AIM OF THE TASK: Please print, exactly, only the lines in the entries below from the line that has "Jatang, DN-II SANRAnews" through the line that has "This rough undercut". Pictures don't go in.

ENTRIES PROVIDED:

########################################

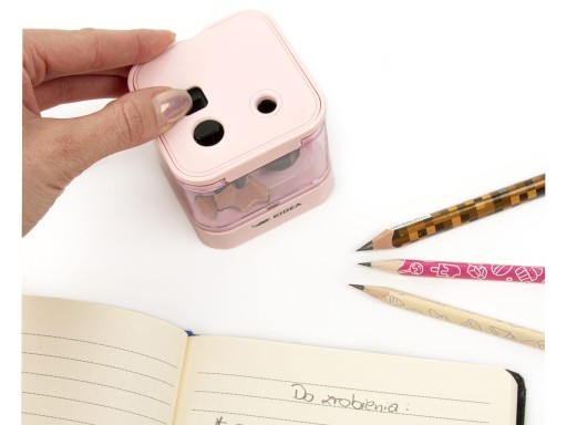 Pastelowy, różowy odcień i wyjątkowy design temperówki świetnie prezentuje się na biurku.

########################################

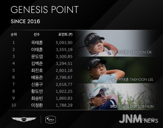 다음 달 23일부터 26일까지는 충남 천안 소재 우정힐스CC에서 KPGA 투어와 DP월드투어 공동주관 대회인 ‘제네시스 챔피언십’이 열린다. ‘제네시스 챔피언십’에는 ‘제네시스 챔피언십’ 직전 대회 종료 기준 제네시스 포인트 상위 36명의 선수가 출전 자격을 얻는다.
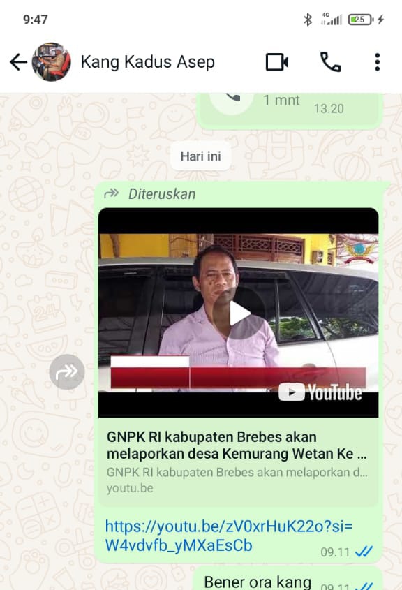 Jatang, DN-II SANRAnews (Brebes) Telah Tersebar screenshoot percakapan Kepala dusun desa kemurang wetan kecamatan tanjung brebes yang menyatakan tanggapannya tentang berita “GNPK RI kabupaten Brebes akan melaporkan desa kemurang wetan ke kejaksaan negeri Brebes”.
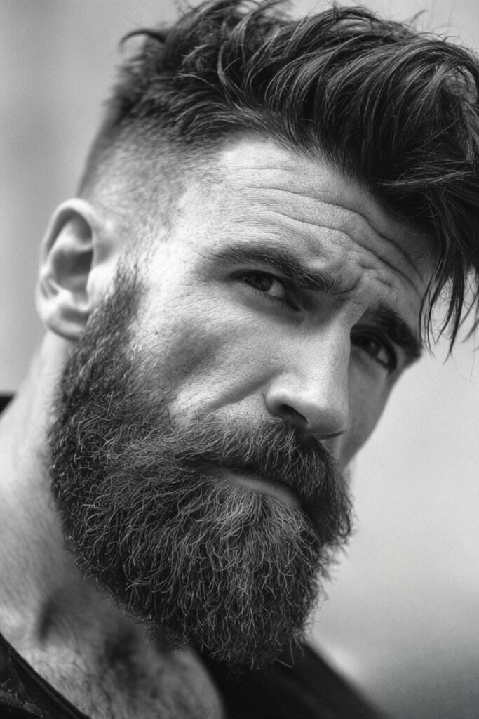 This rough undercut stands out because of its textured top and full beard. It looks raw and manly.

########################################

SOLUTION FOR THIS PROBLEM:
 Jatang, DN-II SANRAnews (Brebes) Telah Tersebar screenshoot percakapan Kepala dusun desa kemurang wetan kecamatan tanjung brebes yang menyatakan tanggapannya tentang berita “GNPK RI kabupaten Brebes akan melaporkan desa kemurang wetan ke kejaksaan negeri Brebes”.
 This rough undercut stands out because of its textured top and full beard. It looks raw and manly.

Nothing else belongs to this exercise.